4 Non-canonical Wnt signalling as a regulator of developmental vessel regression

Wnts are signalling factors known to control several developmental processes, such as proliferation, differentiation, asymmetric division, patterning and cell fate determination [3, 24]. During development, these ligands act as morphogens and regulate the patterning of the embryo by triggering concentration-dependent autocrine and paracrine responses [25, 36]. To date, three major signalling branches have been identified including a canonical or Wnt/β-catenin dependent pathway and the non-canonical or β-catenin-independent pathway which can be further divided into the Planar Cell Polarity (PCP) and the Wnt/Ca2 + pathways. During canonical Wnt signalling, the binding of Wnt ligands to their Frizzled/LRP receptor complexes causes a stabilization of β-catenin, which is normally degraded by the GSK-3/APC complex. Stabilized β-catenin is then able to translocate into the nucleus and modulate the expression of specific target-genes [21]. In contrast, the less-characterized non-canonical Wnt pathways are independent of β-catenin and transduce Wnt signals through either JNK/PCP or PKC/CamKII pathways [16, 23].

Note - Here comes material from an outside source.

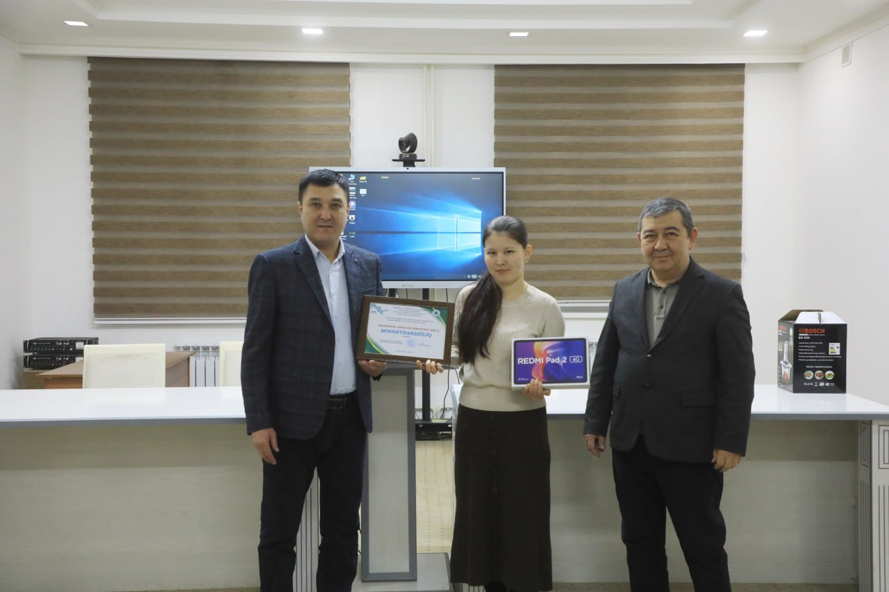Tańlaw nátiyjelerine bola, Taxtakópir rayonı "A.Adilov" APJ puqarası Qıdırbaeva Jansulıw Dáwletbay qızı jeńimpaz dep tabılıp, planshet hám basqa da bahalı sawǵalar menen sıylıqlandı.

While there is some controversy regarding the role of canonical Wnt signalling in vessel regression [19, 26], our recent study provided evidences that non-canonical Wnt ligands – Wnt5a and Wnt11 – act in a paracrine manner to prevent premature blood vessel regression by promoting endothelial cell cohesion and stabilization in the mouse retina. Using a compound Wnt5a endothelial-specific knockout and Wnt11 knockout mice (Wnt5a iEC-KO; Wnt11 KO), we demonstrated that loss of endothelial-derived Wnt ligands resulted in decreased radial expansion and decreased vessel density in the retina, accompanied by a higher number of regression profiles. Interestingly, apoptosis and endothelial cell numbers remained unaffected. However, Korn et al. also used a similar strategy and showed that non-canonical Wnt signalling was involved in the regulation of endothelial cell survival and apoptosis [17]. Thus, further clarification in this question in needed.

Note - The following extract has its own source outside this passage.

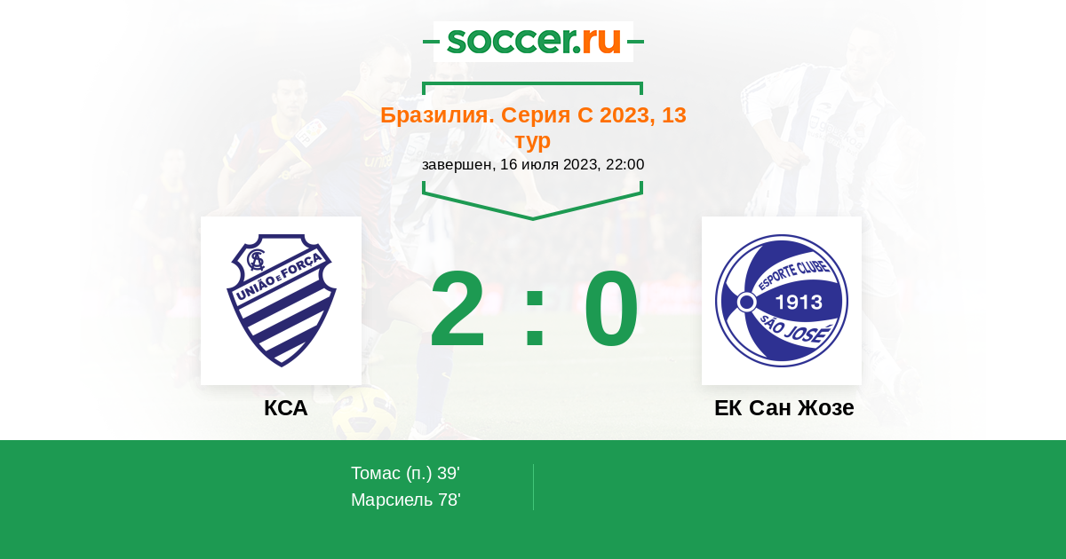 Протокол матча КСА против ЕК Сан Жозе

Given the recent data demonstrating the specific role of blood flow in regulating developmental vessel regression, we investigated the potential connection between non-canonical Wnt signalling and blood flow response. We use our computational analysis tool [2, 10] together with in vivo and in vitro experiments and we confirmed that depletion of non-canonical Wnt ligands from the endothelium significantly increased the sensitivity of endothelial cells to polarise against the blood flow direction at lower wall shear stress levels. We proposed that this enhanced sensitisation of endothelial cells promotes earlier discrimination of flow asymmetries between neighbouring blood vessels, which acts as the driving force for premature vessel regression and accelerated remodelling in response to the lack of Wnt5a and Wnt11 (Fig. 2C). Importantly, overexpression of Wnt5a in endothelial cells of the retina had no effect on vessel regression or overall vessel morphology, indicating that Wnt signalling is not used as a mechanism to drive flow-dependent vessel regression, but its presence at a basal level seems to be required to lower the sensitivity of endothelial cells to flow-induced regression. However, in vitro studies also demonstrated that Wnt5a/Wnt11-depleted HUVECs retain their capacity to activate the expression of flow sensing components as control cells, suggesting that non-canonical Wnt signalling acts as modulator of the physical reorganization of cell polarity rather than flow sensingitself [9].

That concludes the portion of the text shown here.